_DATASET SECTION_
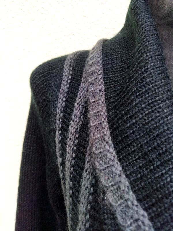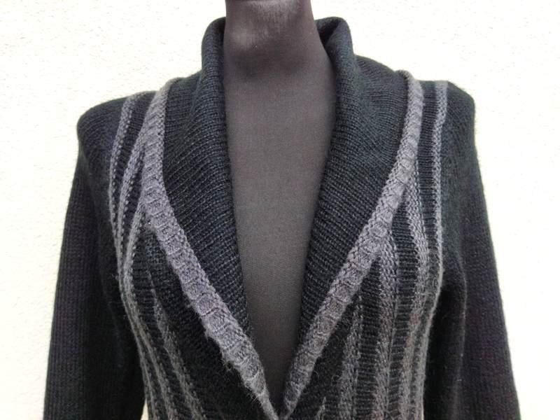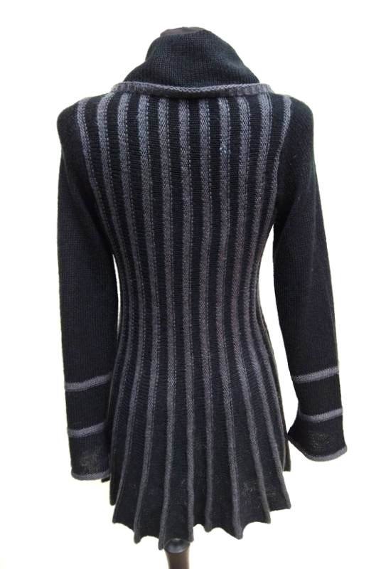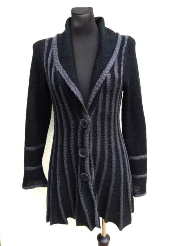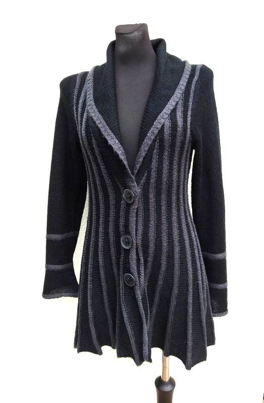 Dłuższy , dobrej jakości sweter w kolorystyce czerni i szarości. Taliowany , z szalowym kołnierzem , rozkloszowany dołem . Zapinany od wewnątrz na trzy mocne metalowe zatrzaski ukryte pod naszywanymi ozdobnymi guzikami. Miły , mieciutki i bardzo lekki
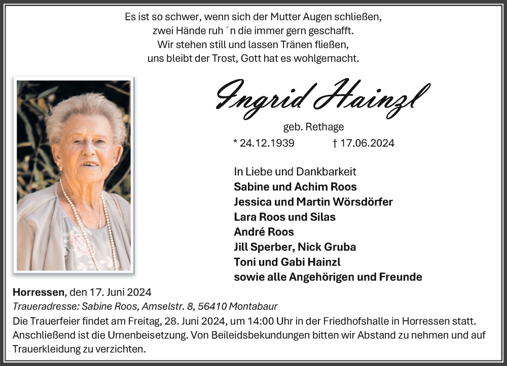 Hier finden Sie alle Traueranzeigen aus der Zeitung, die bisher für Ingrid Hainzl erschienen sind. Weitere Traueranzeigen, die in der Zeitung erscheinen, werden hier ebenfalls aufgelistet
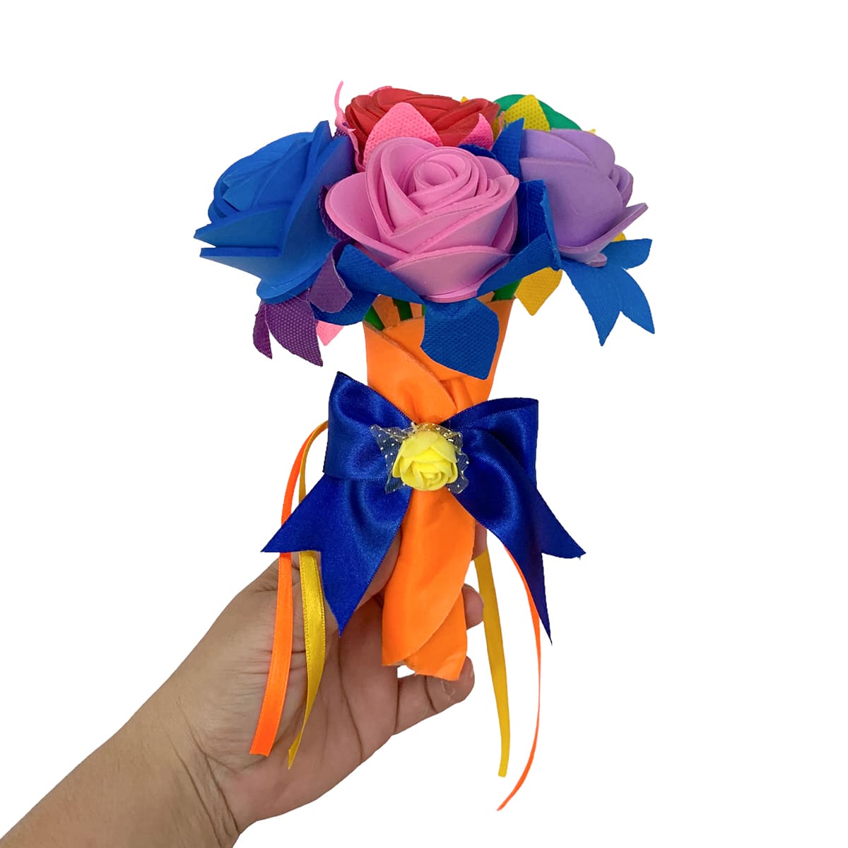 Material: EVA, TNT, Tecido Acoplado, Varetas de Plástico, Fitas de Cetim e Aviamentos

_PROBLEM REQUIREMENTS_
Write the data above out again exactly, minus its pictures.

_TASK SOLUTION_
 Dłuższy , dobrej jakości sweter w kolorystyce czerni i szarości. Taliowany , z szalowym kołnierzem , rozkloszowany dołem . Zapinany od wewnątrz na trzy mocne metalowe zatrzaski ukryte pod naszywanymi ozdobnymi guzikami. Miły , mieciutki i bardzo lekki
 Hier finden Sie alle Traueranzeigen aus der Zeitung, die bisher für Ingrid Hainzl erschienen sind. Weitere Traueranzeigen, die in der Zeitung erscheinen, werden hier ebenfalls aufgelistet
 Material: EVA, TNT, Tecido Acoplado, Varetas de Plástico, Fitas de Cetim e Aviamentos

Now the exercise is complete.